Nearly 3000 people, including 24 Canadians, were murdered on 9/11 which is why we fight. But I don't think we also agreed to a mission that would have the unintended consequence of starting another civil war, nor did we agree to a mode of encouraging economic development that included growing by magnitudes the opium crop.

I'm not quite yet ready to write off the mission. But it seems it's always a singular incident that puts an end to military missions, or at least causes a major rethink in planning. Think Dieppe, the Tet Offensive, the Beirut Baracks bombing -- or the incident in Mogadishu that has become known as "Black Hawk Down." When there's a massive one day toll, it makes people wake up and demand change. If 60 Americans were killed in a single bomb attack in Baghdad, that might be the trigger for even diehard elephants to tell Dubya, enough is enough, and pull the plug on funding. Yet that's the magnitude of what's happened today in Kandahar -- and since it's our fellow Canadians, they're seen as expendible in view of a greater mission.

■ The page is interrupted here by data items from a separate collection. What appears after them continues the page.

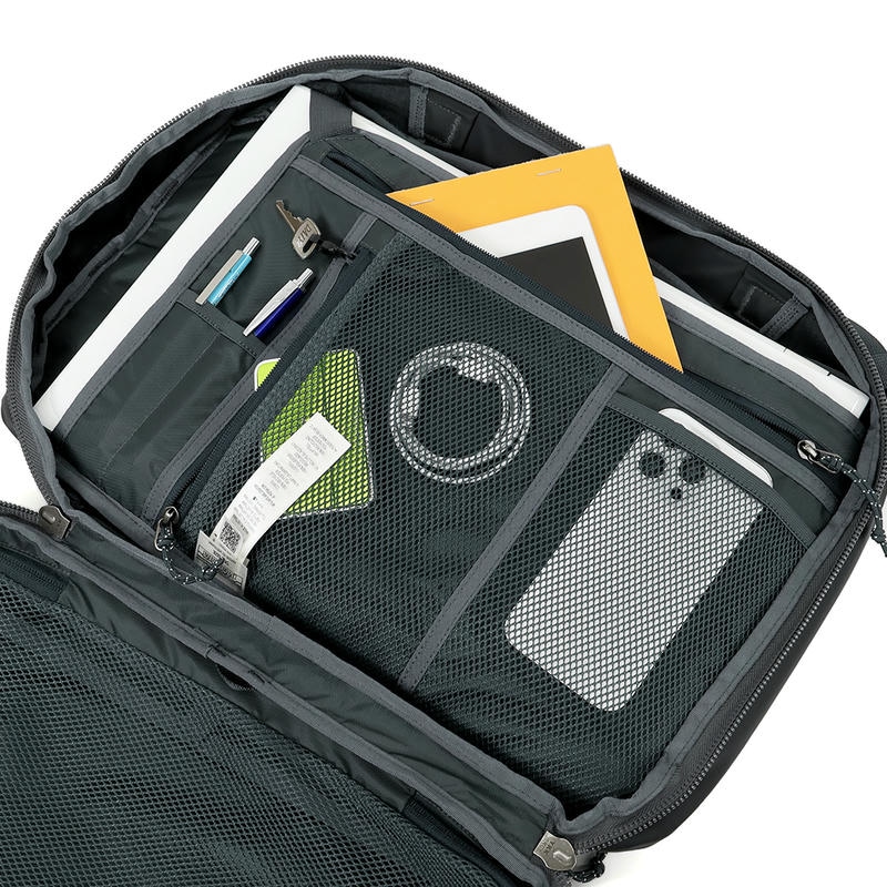 | 仕様 | 外側ファスナーポケット×1、内側ファスナーポケット×1、ペンホルダー×2、内側メッシュファスナーポケット×2、内側メッシュオープンポケット×1、ファイルポケット×1、キーフック×1、ファスナー開閉、ショルダー太さ 約6〜2cm、持ち手太さ 約2.5cm、ショルダー脱着 不可、ショルダーストラップ×1(全長 約95〜134cm、幅 約4〜2cm)、脱着不可、キャリーオン対応 |
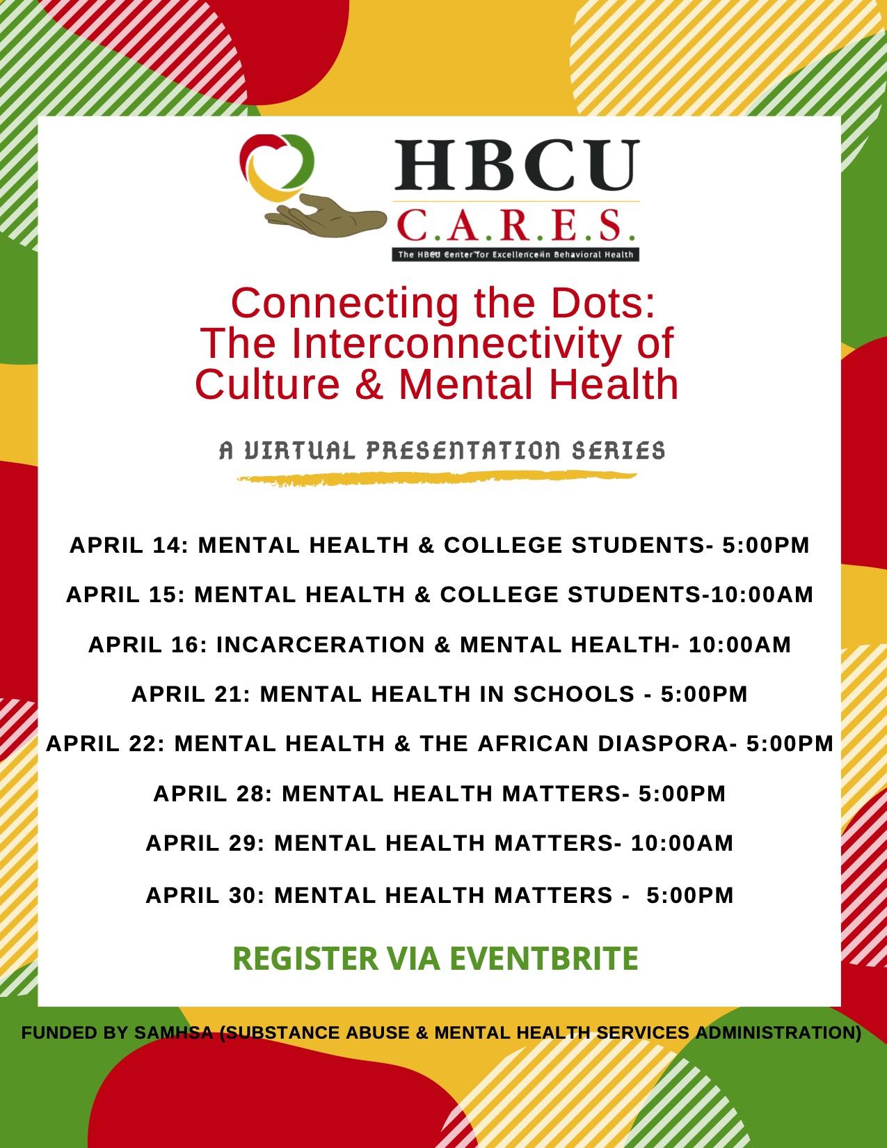 This is a virtual presentation series that explores mental health and its impact in various communities.
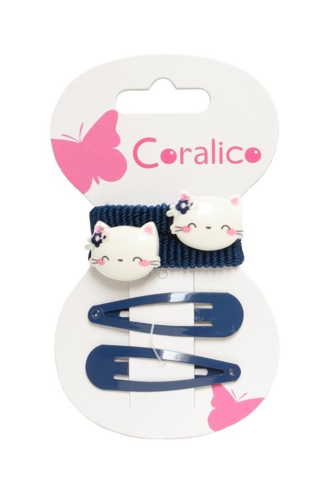 Zestaw granatowych frotek z motywem kotka w kolorze białym i granatowe spinki.
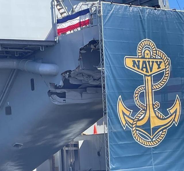 美国的战损修复能力太强了,在杜鲁门号与货船相撞八个月后。被撞部位虽然没有被修复,但是却刷上了新油漆,并且用一副巨幅海报遮挡,看不见就等于没损伤。 美国海军的航母维护体系一向以高效著称,尤其是像杜鲁门号这样的尼米兹级舰艇,设计上就考虑了在部署中快速应对损伤。2025年2月12日晚上,杜鲁门号在埃及塞得港附近的海域,与一艘巴拿马籍散货船贝西克塔斯-M号发生侧面刮擦。 这艘货船长188米,满载货物,在拥挤航道上航行时未能及时避让,导致杜鲁门号右舷后部受损。具体来说,碰撞点在三号电梯后方,船体外壳出现裂口,观察平台变形,但没有影响到核心作战系统。 海军迅速评估,确认无人员伤亡,也没有燃料泄漏风险。杜鲁门号随后驶往希腊苏达湾基地,进行初步检查和临时补救措施,比如焊接临时补丁和清理碎片,但没有立即进入全面修理阶段,因为航母需要维持在地中海的巡航部署。 杜鲁门号的损伤处理过程,反映了美国海军的资源分配策略。碰撞后,工程师团队使用扫描设备对船体进行详细检测,确认结构完整性没有重大隐患。 水下部分通过潜水员检查,确保无渗水问题。海军决定将完整修复推迟到计划中的大修周期,这通常包括燃料补充和复杂维护,预计在2026年进行。 在此之前,舰艇继续参与各种活动,包括联合演习和周年纪念。八个月后,到2025年10月,损伤部位依然存在,钢板扭曲未变,但海军采取了外观美化措施。 具体是喷涂一层雾灰色油漆,覆盖锈迹和裂缝,然后挂上一幅巨型海报,印有海军标志和口号,完全挡住受损区。从外部看,船体恢复了统一外观,这在纪念活动时避免了负面视觉影响。 类似做法在历史上也有先例,比如其他舰艇在部署中用临时覆盖维持形象。贝西克塔斯-M号货船也很快修复了船首损伤,继续其商业航运,没有引发更大纠纷。这次事件让外界看到,美国海军在预算和时间压力下,如何平衡维修与任务执行。
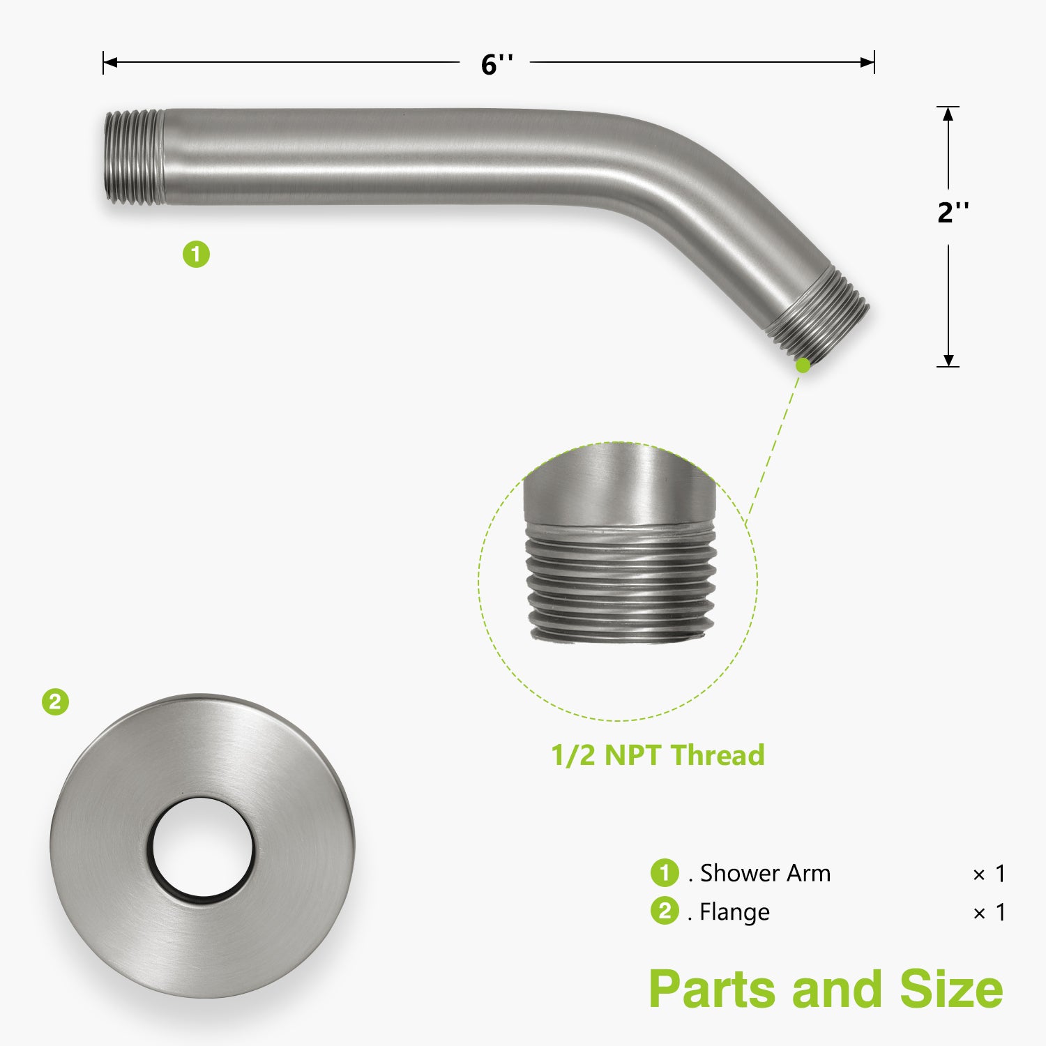 Bras de douche standard en laiton avec bride Nature
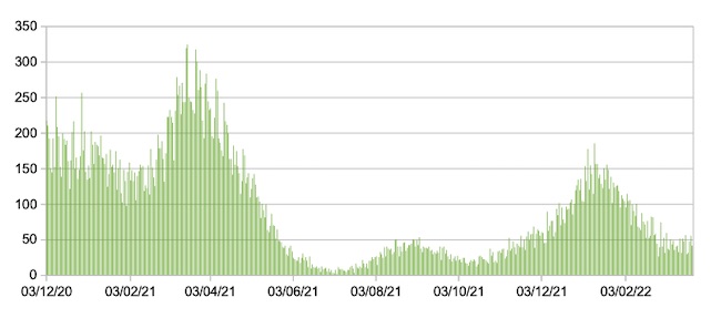 Il grafico seguente mostra i dati giornalieri relativi ai nuovi ingressi in terapia intensiva nelle Marche 3 dicembre 2020 – 24 marzo 2022.
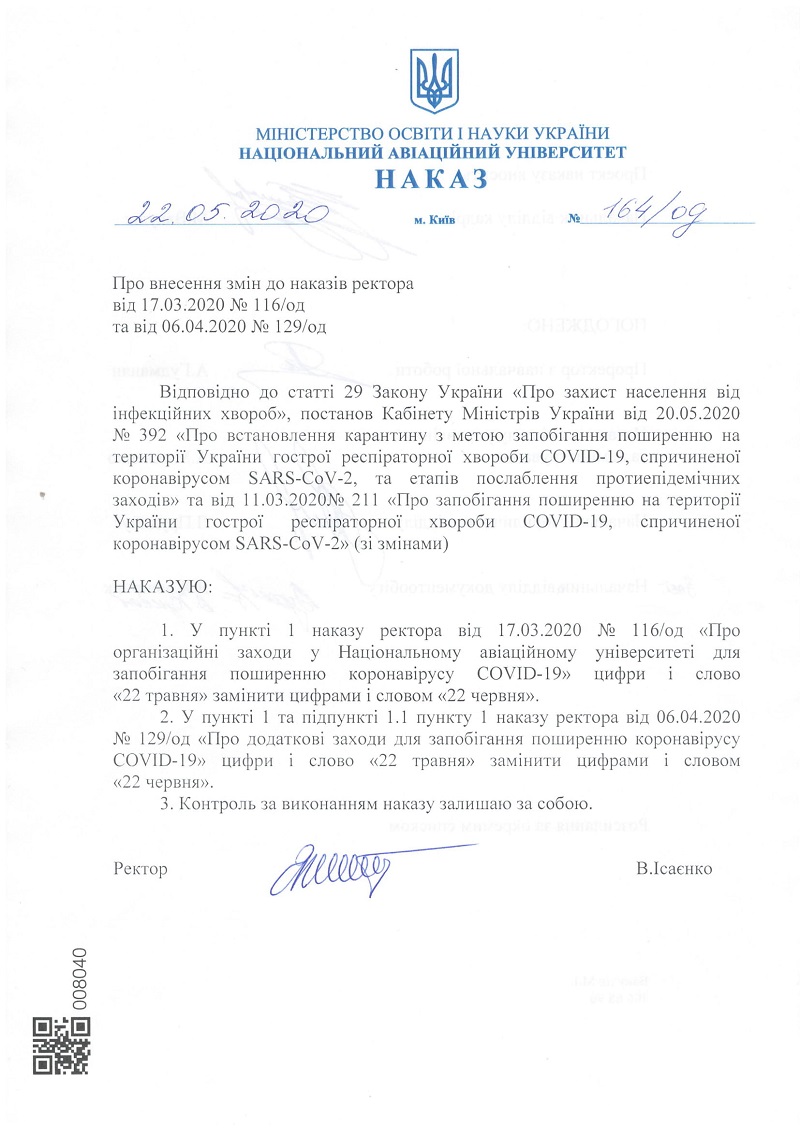 Наказом ректора Володимира Ісаєнка № 164/од від 22 травня 2020 року відповідно до до статті 29 Закону України «Про захист населення від інфекційних хвороб», постанов Кабінету Міністрів України від 20.05.2020 № 392 «Про встановлення карантину з метою запобігання поширенню на території України гострої респіраторної хвороби COVID-19, спричиненої коронавірусом SARS-CoV-2, та етапів послаблення протиепідемічних заходів» та від 11.03.2020№ 211 «Про запобігання поширенню на території України гострої респіраторної хвороби COVID-19, спричиненої коронавірусом SARS-CoV-2» (зі змінами), внесено часткові зміни до наказів № 116/од від 17.03.2020р та № 129/од від 06.04.2020 року.

That's unacceptable. We need to be planning for what will be the biggest anti-terrorist operation Canada has ever seen, the Vancouver Winter Olympics. Those troops -- our men and women -- need to be in the Lower Mainland, in the background of course but they need to be home. Stephen Harper needs to say we've pulled our weight more than enough -- and the March 2009 date is a date certain for either other NATO countries to pick up the slack or for Kabul to face the music and take care of Al Qaeda and the Taliban on its own. Perhaps it should be sooner.